Почему жирное, Зимон не смог бы объяснить, но именно так он представлял англичанина. Обрюзгшего, еле вмещающегося в кабину самолёта, самодовольного и упивающегося победой засранца. И вдруг до него дошло, что ведь он уже принял решение, но оно до поры до времени пряталось глубоко внутри, а вот сейчас неудержимо рвётся наружу. Он никогда не сможет жить с ними бок о бок, объявляй ты хоть сотню раз конец войне. В его сердце она будет жить вечно. В глазах Зимона неожиданно вспыхнул лихорадочный блеск, он обвёл хищным взглядом центральный пост и, ни к кому не обращаясь, уверенно заявил:

– Всё так и есть! Прав Мацуда – ветер сменил направление, но парус всё ещё у нас!

Под недоумевающие взгляды команды он нырнул в люк соседнего отсека, где находилась за шторкой его койка, а также места акустика и радиста, взял у Мюллера микрофон и постучал пальцем, прислушиваясь к пробежавшим по лодке щелчкам.

– Говорит командир! – начал Зимон, потом на мгновение задумался, как продолжать. – Многие из вас знают меня с тех пор, когда я начинал на нашей лодке ещё вторым помощником. Я рос вместе с вами и видел, как мужаете вы. Мы ошибались, учились, зализывали на берегу раны, и снова, и снова выходили в Атлантику. За те два года, что наша рыбка спрыгнула со стапелей в Киле, мы превратились в отличный экипаж. Я не отдам вас в плен! Хвастливым Томми, во главе с их боровом Черчиллем, не видать мой экипаж как собственную жирную задницу! Не отдам и нашу лодку, которую они с радостью превратят в мишень. Не достали нас в бою, так отведут душу на полигоне. Моё решение таково: пусть те, кто, как и я, хочет продолжать борьбу, перейдут в носовой отсек. Те, кто хочет попытаться вернуться домой, – в корму. И никто не смеет бросить друг другу обвинение. Все те, кто уйдут, имеют на это веские причины и рисковать будут не меньше оставшихся. К берегам Германии незамеченными подойти не удастся, но можно попробовать к Дании. Сейчас мы соберём для тех, кто перейдёт в корму, всю имеющуюся гражданскую одежду, и этой ночью высадим на берег. Там вы смешаетесь с беженцами, растворитесь в творящемся сейчас на берегу бедламе и поодиночке будете пытаться добираться домой. Раненых оставить не могу, какой бы выбор они не сделали. Крюгеру и Кляйну нужна серьёзная помощь. Отдадите их в первую попавшуюся больницу. А сейчас запомните одно главное условие – для всего мира наша U-396 погибла. Она утонула сегодня, получив пробоину от бомб английского «Харрикейна»! Вы единственные, кому удалось спастись. Если кого из вас поймают на берегу, то даже под пыткой вы обязаны стоять на своём. Тем же, кто останутся, тем, кому есть за кого мстить и у кого не осталось на суше, как у меня, семьи и дома, я не обещаю спокойную жизнь. И не обещаю, что мы проживём дольше наших товарищей. Когда-нибудь мы уйдём на дно, но уйдём с чувством выполненного долга. У нас есть шесть торпед и нетронутый запас снарядов. Хороший аргумент в споре за нашу правоту. Своё решение я принял, теперь принимайте вы. Я всё сказал!

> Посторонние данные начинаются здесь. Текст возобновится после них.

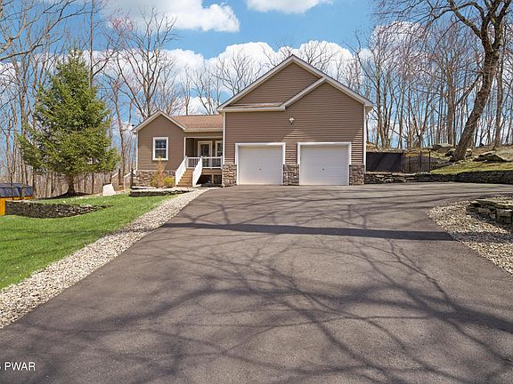 A perfect blend of elegance, comfort, and tranquility, located in a highly sought-after community in the area. Meticulously maintained and thoughtfully upgraded, this home is truly the best on the block, offering rare features and unbeatable value. As you arrive, the beautiful curb appeal welcomes you home, highlighted by a paved driveway, paver walkway, and a covered front porch. The detailed stonework beneath vinyl siding, landscaping, and LED lighting throughout the yard creates a stunning first impression. Step inside to discover a seamless flow of hardwood floors, crown molding, and custom finishes. The accent wall is the ideal backdrop for your entertainment setup, while the formal dining room boasts sliders that open to the beautifully hardscaped backyard. The kitchen is a showstopper, complete with stainless steel appliances, granite countertops, crown-molded cabinets, and more hardwood underfoot. Two spacious bedrooms on one wing with a full bathroom between them, complete with tile floors and a tile shower. On the opposite side, the primary wing is a true retreat - custom hardwood floors, walk-in closet, and a luxurious primary bathroom featuring a tile walk-in shower. Just outside the suite is a thoughtfully designed laundry room with a folding station. The fully finished basement is an entertainer's dream, featuring a custom-built bar and a second living room perfect for game nights or movie marathons. A gym area and room to add a future bathroom round out the space. Step outside and breathe in the peaceful vibes - this home sits on a landscaped lot with an enchanting pond, concrete patio, dog run, and no-maintenance landscaping. The shed on the second lot is ideal for additional storage. Comfort and convenience abound: central air, electric baseboard heat, water filtration system, generator connection, and Nest cameras. This is more than a home, it's a peaceful escape, rich in earthy tones and natural light, where every detail has been cared for.
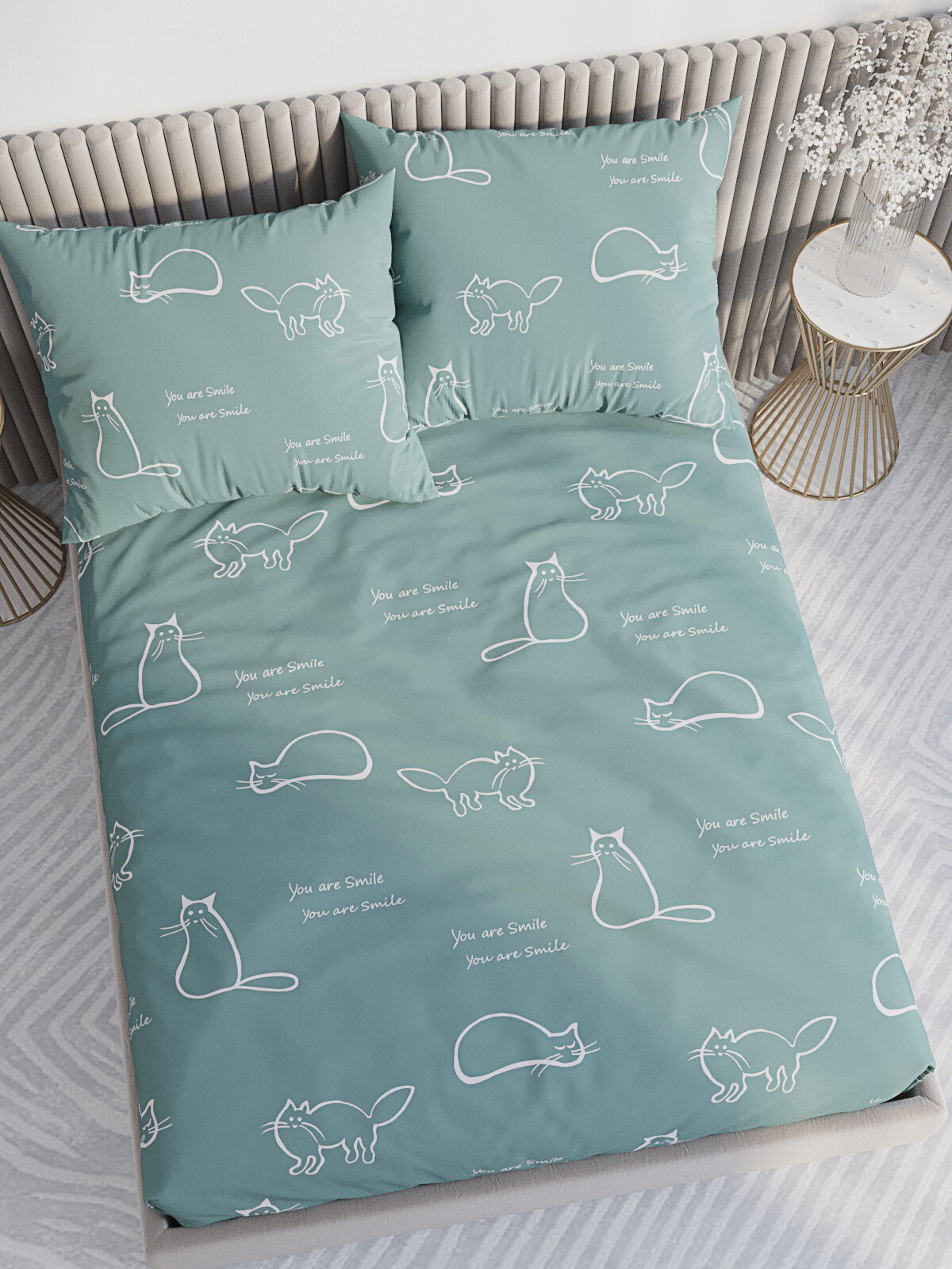 Постельное белье Milky Garden "котики (мята)" 1,5-сп, наволочка 50х70 1шт, простынь 150х215 см, пододеяльник 145х215 см 2 750 ₽
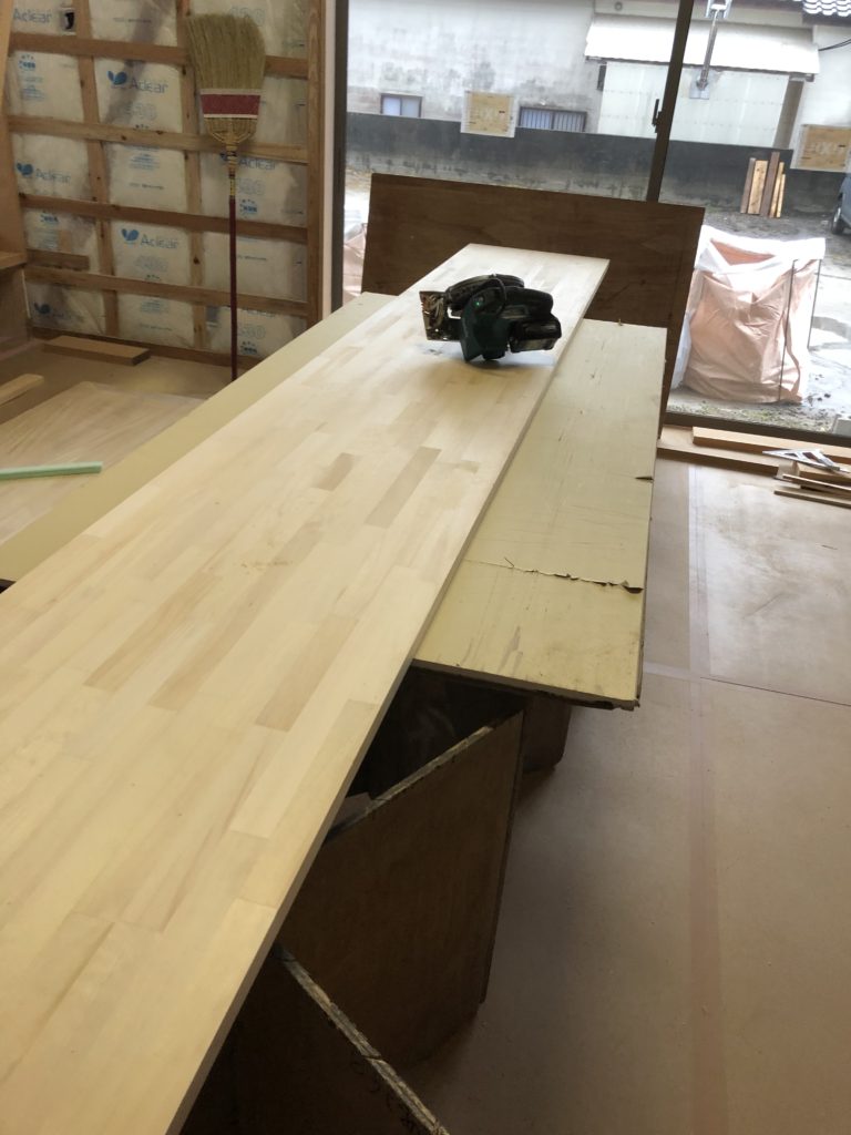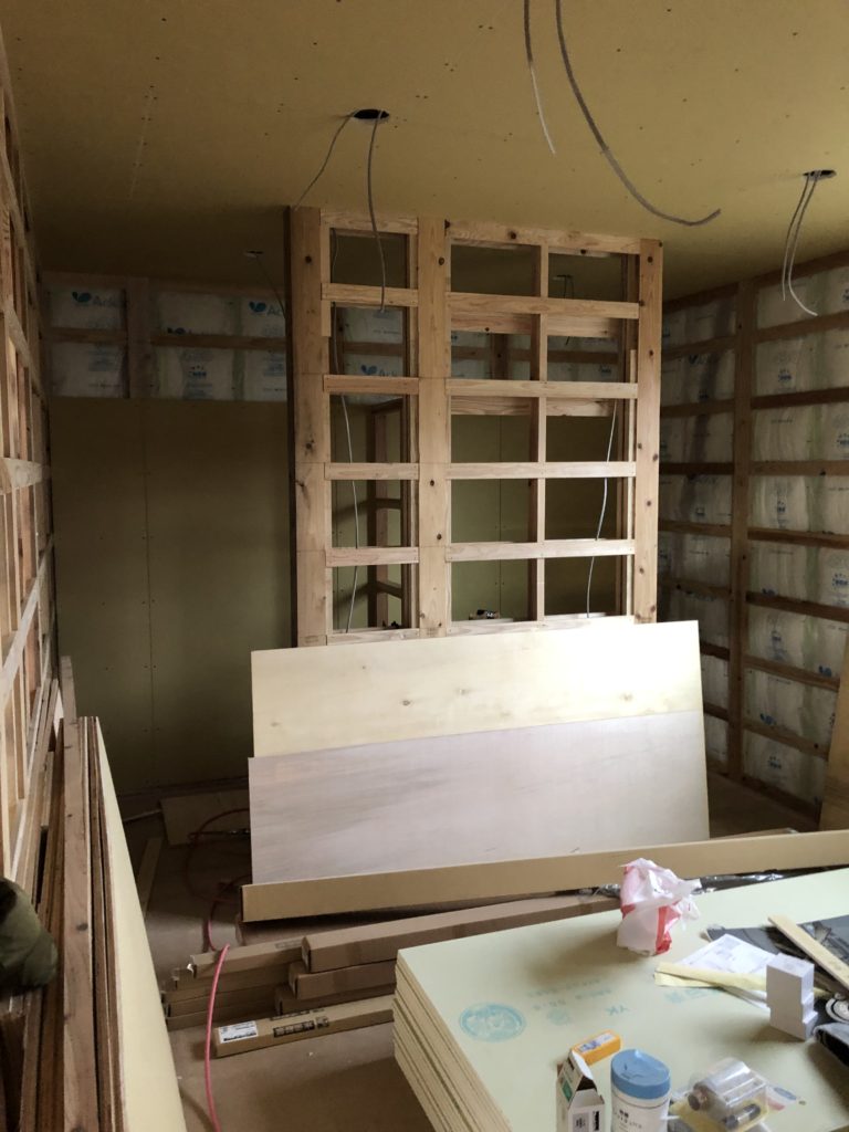 そしてシューズクロークに棚を、『コ』の字型で作ります。

Зимон вернулся в центральный пост, расположился, облокотившись на штурманский стол, и приготовился наблюдать, кто куда будет переходить. Рядом, выражая вселенскую безмятежность, навалившись спиной на перископ, по правую руку стоял Мацуда.

– Доволен? – спросил Зимон.

– Хильмар-сан, – пожал плечами японец, – у нас принято, что каждый сам принимает для себя решение, и другим до него дела нет.

– Вижу, что доволен, – ухмыльнулся Зимон.

Тогда Мацуда сдался – на его лице появилась улыбка, и он приложил руку к сердцу.

 

– Хильмар-сан, это была прекрасная речь – речь самурая. Подводная лодка не тонет, когда она в воде, она тонет, когда вода в ней. Важно, что у тебя внутри: протухшее болото или свежий ветер. Я хочу попросить прощенья, что позволил себе усомниться в вас.

– Принято, – кивнул Зимон и обратился к не покидавшему пост инженеру. – Отто, я даже не представляю, как буду без тебя, но поменяй ты сейчас своё решение, я всё равно тебя не оставлю. О замене подумал?

– Адэхи, – не раздумывая, ответил Ланге.

– Я тоже о нём вспомнил. Надеюсь, останется.

– Это уж точно. В Германии у него никого нет, а родина далеко.

Через переполненный центральный пост, стараясь проскользнуть в корму, не привлекая внимания, протиснулся второй помощник, лейтенант Фукс. Зимон его заметил и положил ему руку на плечо:

– Йенс, ты хорошо подумал? А как же сожжённый дотла дом в Бремене?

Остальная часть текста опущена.